**Directions for this task:**
Write the data out again exactly, dropping any images it holds.

**Exercise data:**
▼▼▼
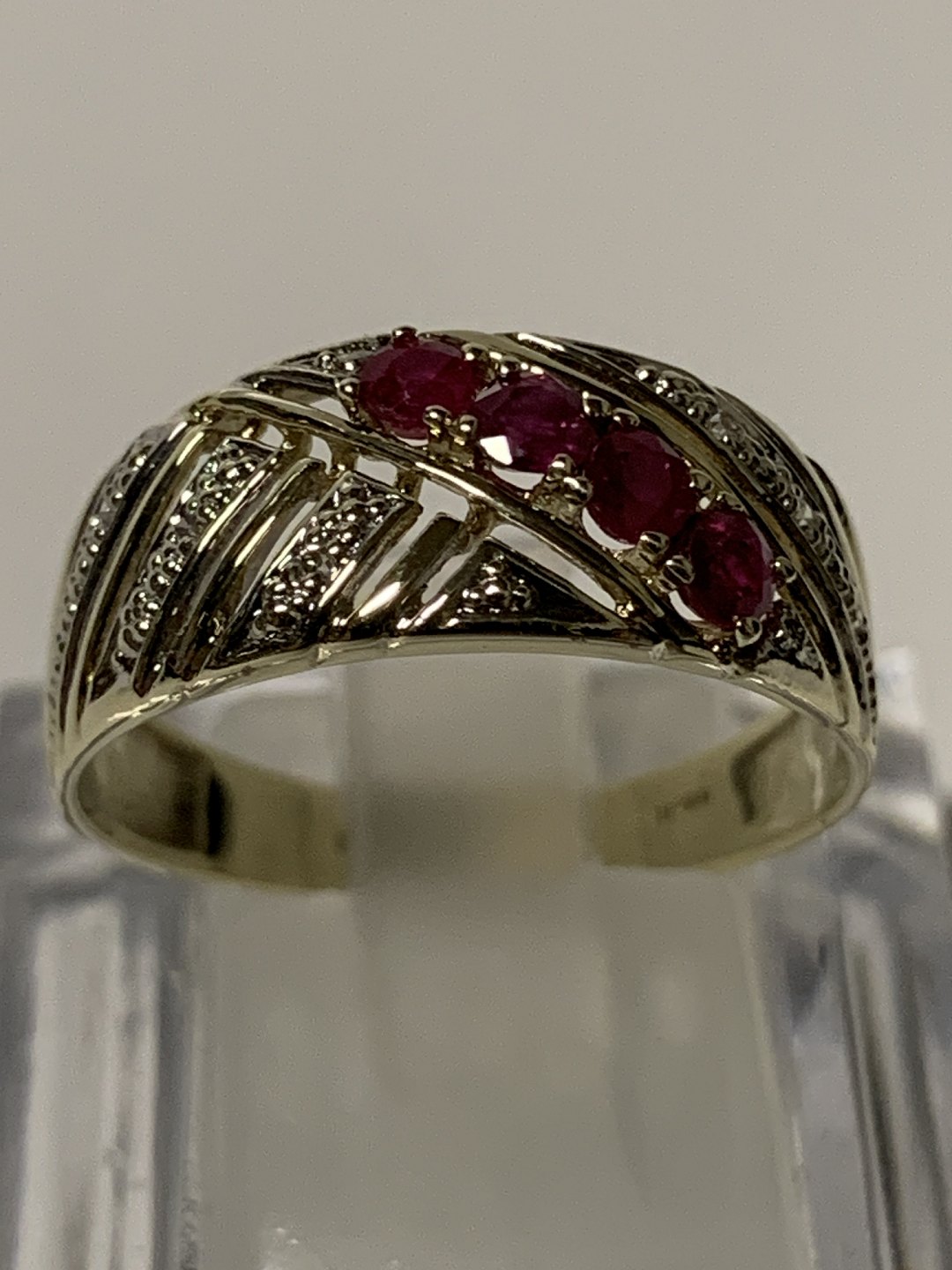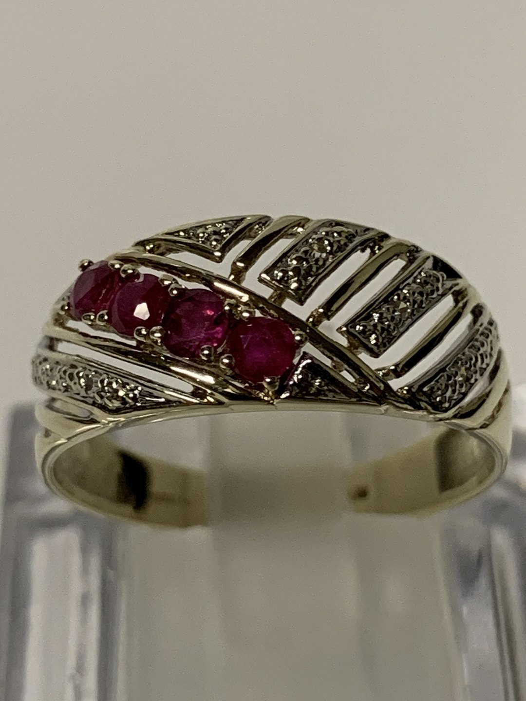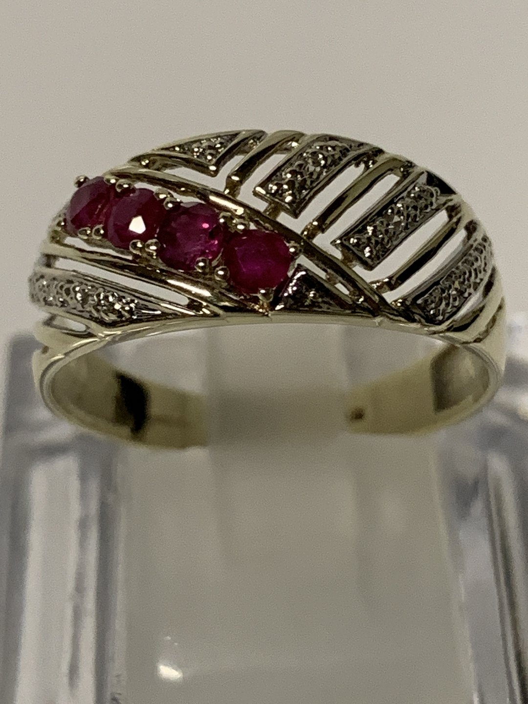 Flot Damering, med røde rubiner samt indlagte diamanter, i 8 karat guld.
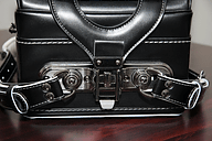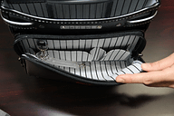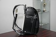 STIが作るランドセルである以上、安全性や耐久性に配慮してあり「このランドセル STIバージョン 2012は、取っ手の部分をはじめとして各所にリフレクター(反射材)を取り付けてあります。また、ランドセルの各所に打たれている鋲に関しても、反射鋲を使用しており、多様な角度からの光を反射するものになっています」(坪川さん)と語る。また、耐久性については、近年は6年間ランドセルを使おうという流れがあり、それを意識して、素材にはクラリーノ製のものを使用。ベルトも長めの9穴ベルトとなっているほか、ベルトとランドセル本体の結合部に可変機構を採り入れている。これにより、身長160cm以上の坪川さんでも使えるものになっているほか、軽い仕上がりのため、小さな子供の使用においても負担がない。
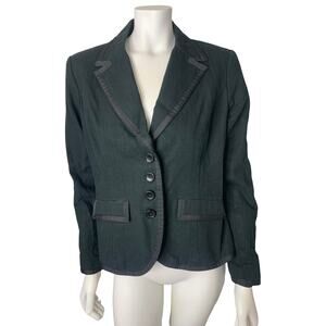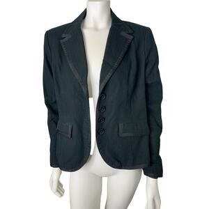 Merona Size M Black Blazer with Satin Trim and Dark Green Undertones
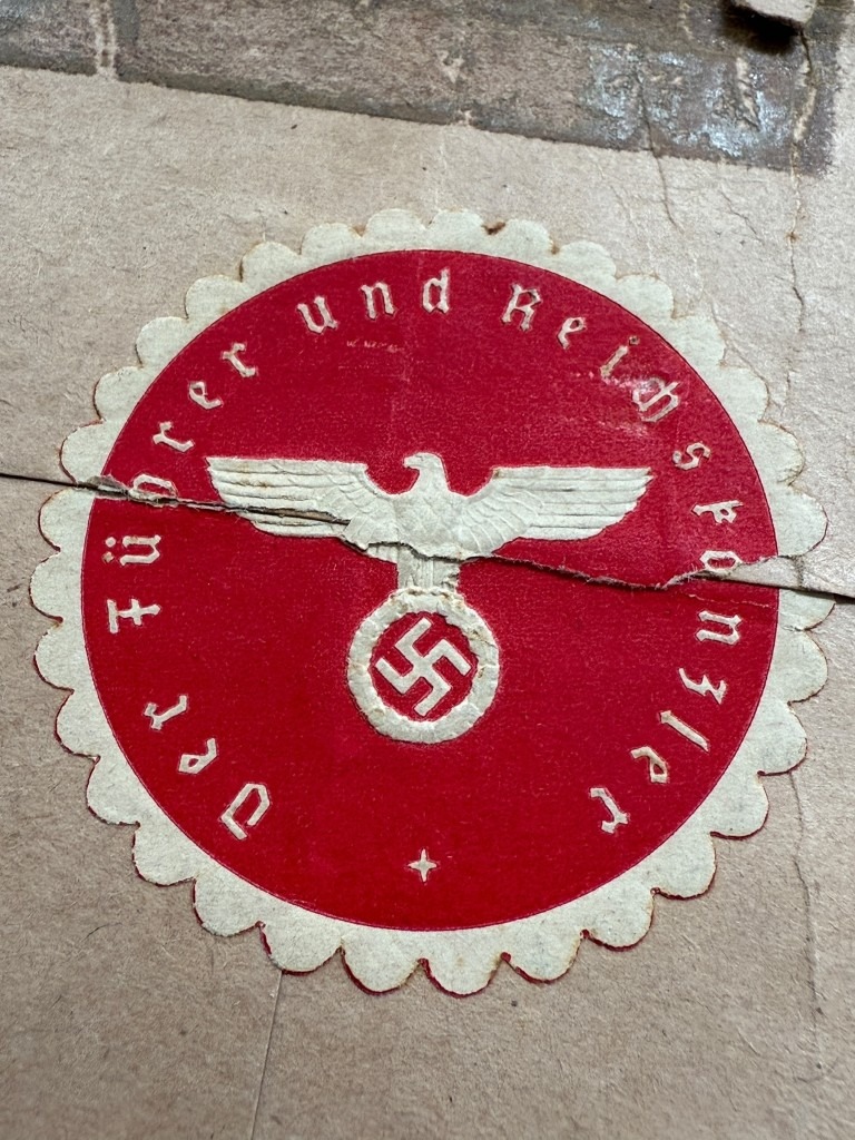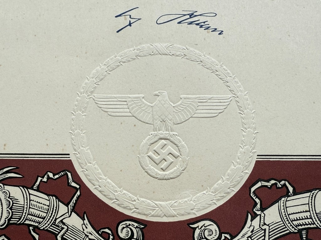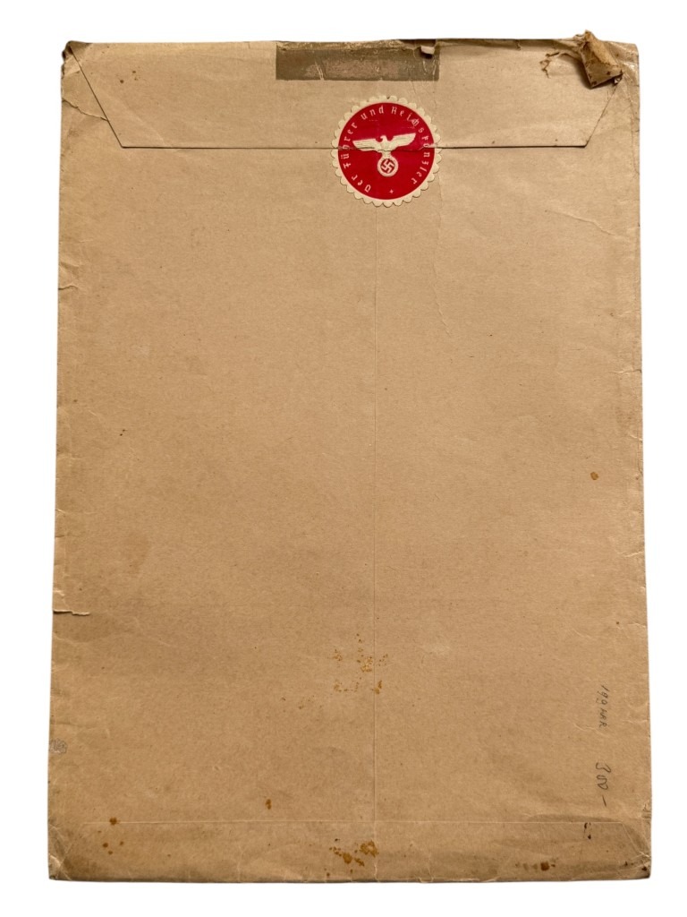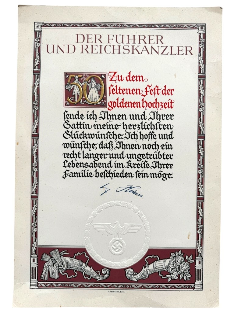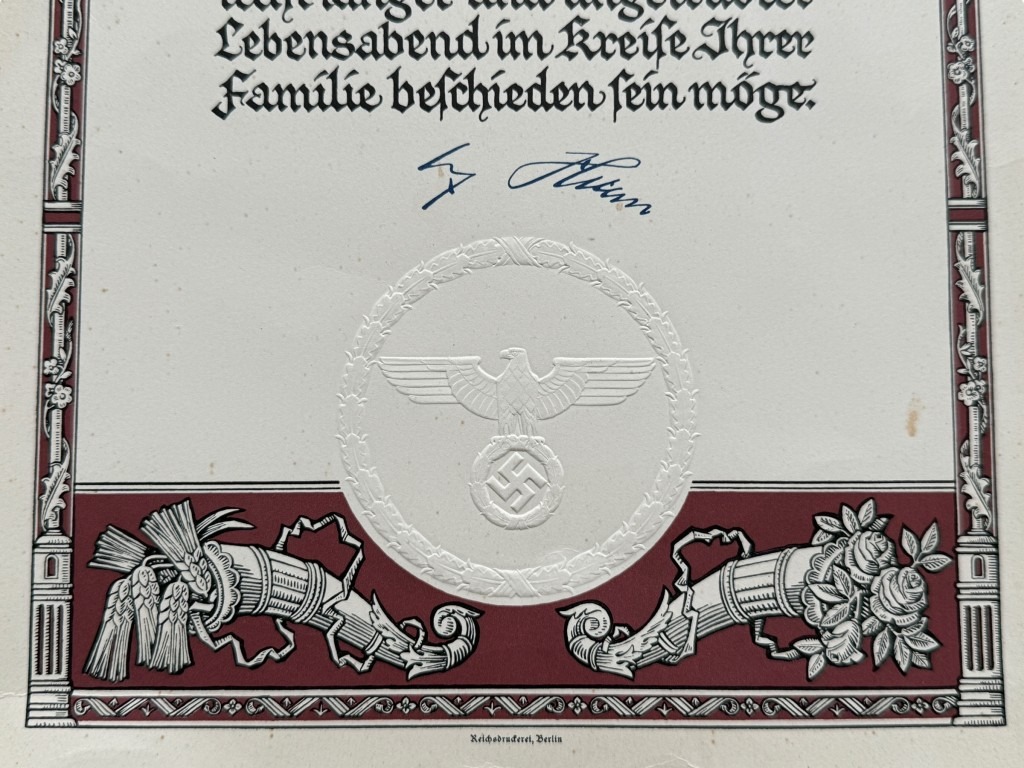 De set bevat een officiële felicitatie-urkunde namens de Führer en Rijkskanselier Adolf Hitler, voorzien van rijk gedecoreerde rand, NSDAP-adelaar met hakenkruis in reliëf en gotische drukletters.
▲▲▲
**Answer for this exercise:**
 Flot Damering, med røde rubiner samt indlagte diamanter, i 8 karat guld.
 STIが作るランドセルである以上、安全性や耐久性に配慮してあり「このランドセル STIバージョン 2012は、取っ手の部分をはじめとして各所にリフレクター(反射材)を取り付けてあります。また、ランドセルの各所に打たれている鋲に関しても、反射鋲を使用しており、多様な角度からの光を反射するものになっています」(坪川さん)と語る。また、耐久性については、近年は6年間ランドセルを使おうという流れがあり、それを意識して、素材にはクラリーノ製のものを使用。ベルトも長めの9穴ベルトとなっているほか、ベルトとランドセル本体の結合部に可変機構を採り入れている。これにより、身長160cm以上の坪川さんでも使えるものになっているほか、軽い仕上がりのため、小さな子供の使用においても負担がない。
 Merona Size M Black Blazer with Satin Trim and Dark Green Undertones
 De set bevat een officiële felicitatie-urkunde namens de Führer en Rijkskanselier Adolf Hitler, voorzien van rijk gedecoreerde rand, NSDAP-adelaar met hakenkruis in reliëf en gotische drukletters.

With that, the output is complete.